A Mysterious Connection

When Lola and Steve arrive at their new home, Steve’s old outlaw acquaintance, Waco Johnny Dean (Dan Duryea) is using their place as protection during a shootout with the local law enforcement.  Waco wants Steve’s Winchester, and kills him for it.  Waco then leaves the shootout with the Winchester and  Lola, as protection against enemy fire.

Waco and an unwilling Lola arrive in Tascosa and meet up with Dutch.  Lola sees a picture of Dutch and Lin at the hideout, and realizes that the two men are somehow connected.  Dutch sees that Waco now has the Winchester, and threatens to kill him for it.  Waco hands over the rifle, intending to get it back after the bank robbery.

Winchester '73
Waco (Dan Duryea) takes Lola to Dutch's hideout in Tascosa.

But before he can, Waco runs into Lin and High Spade at a bar, where Waco is acting as lookout while the bank heist goes down.  Lola sees Lin, and apprises him of the situation.  When Lin asks Waco to take him to Dutch, Waco tries to shoot him.  But Lin is the faster draw, and kills Waco.

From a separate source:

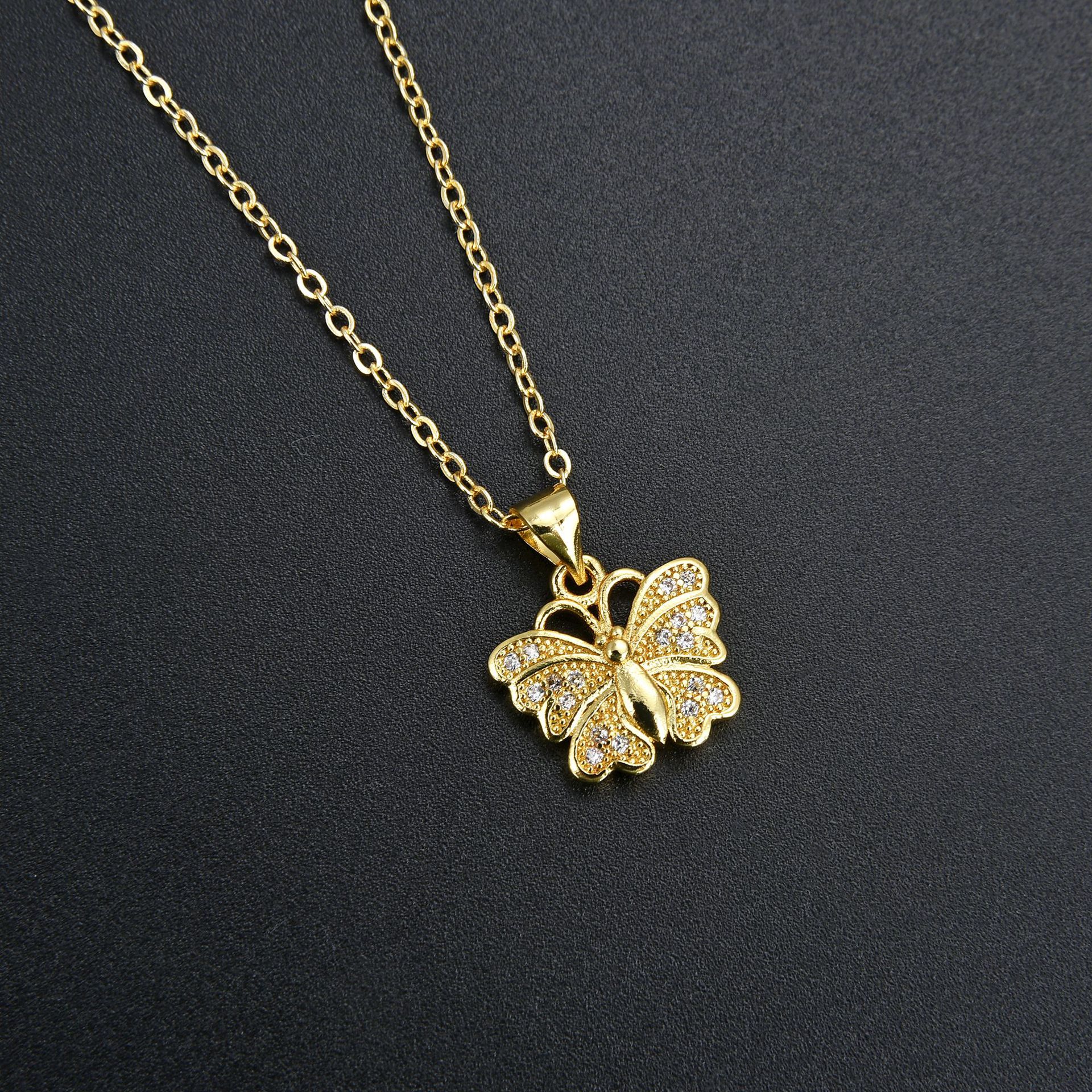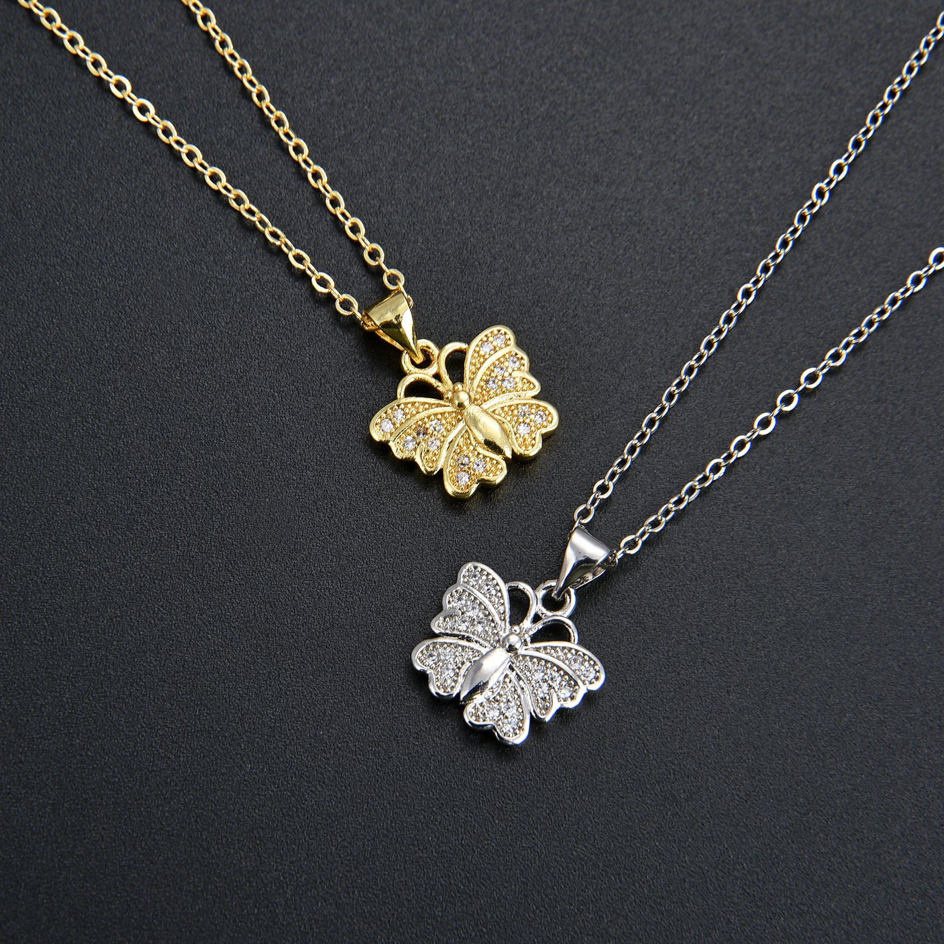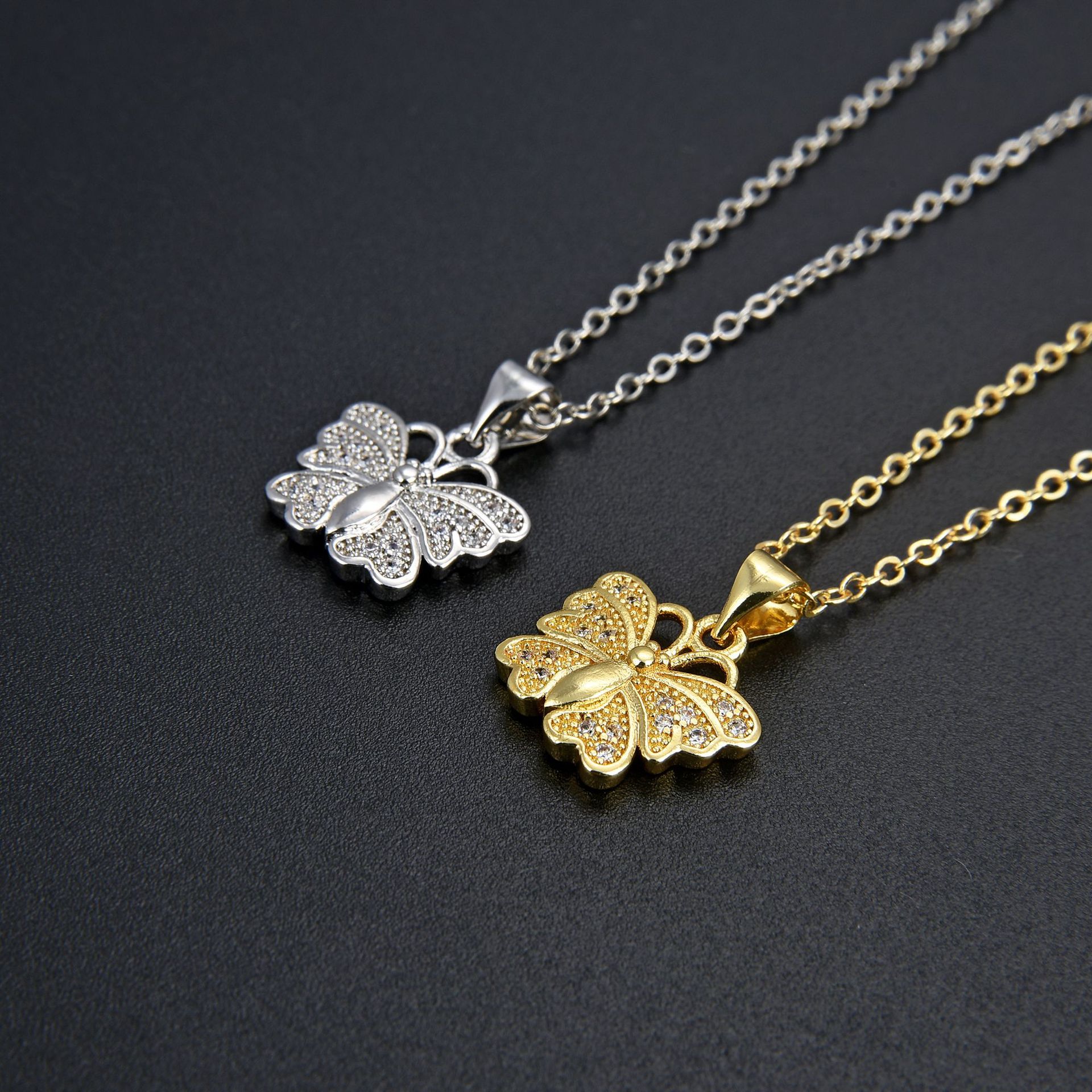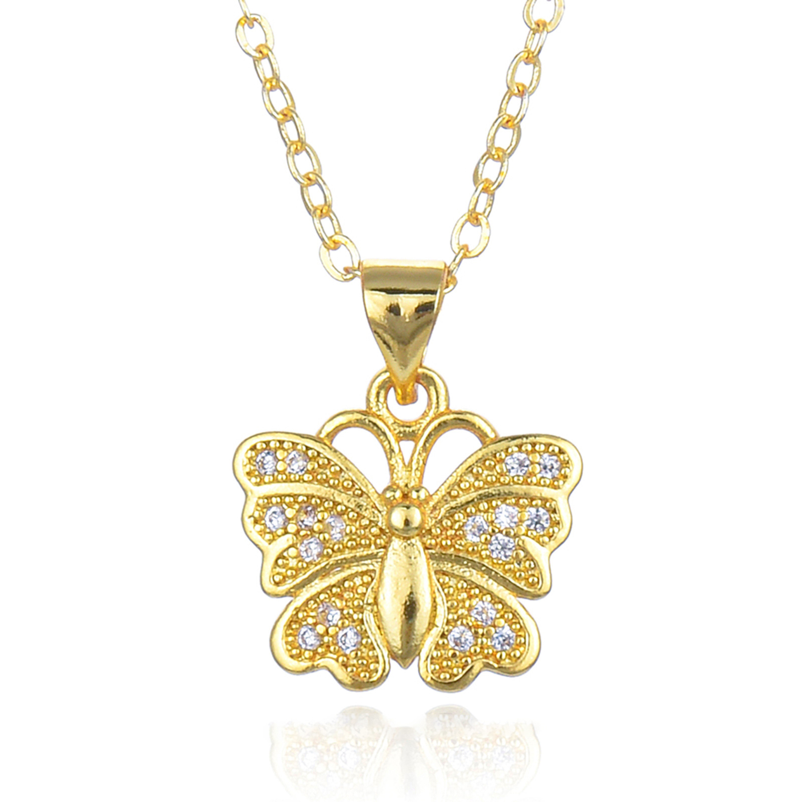 キュービックジルコンマイクロパヴェブラスネックレス, 銅, とともに 5cm エクステンダチェーン, 蝶, ファッションジュエリー & マイクロパヴェジルコニア & 女性用, 無色, 長さ:45 センチ, 売り手 パソコン

Lin then sees Dutch and his men leaving the bank, and chases after him.

Winchester '73
Lin kills Waco, and goes after Dutch.

The Explanation

The two men end up in a shootout on top of a mountain.  We learn that Dutch and Lin are brothers, and that Dutch killed their father, shooting him in the back when he refused to shelter Dutch after a robbery.  Lin has chased Dutch with intent to kill ever since.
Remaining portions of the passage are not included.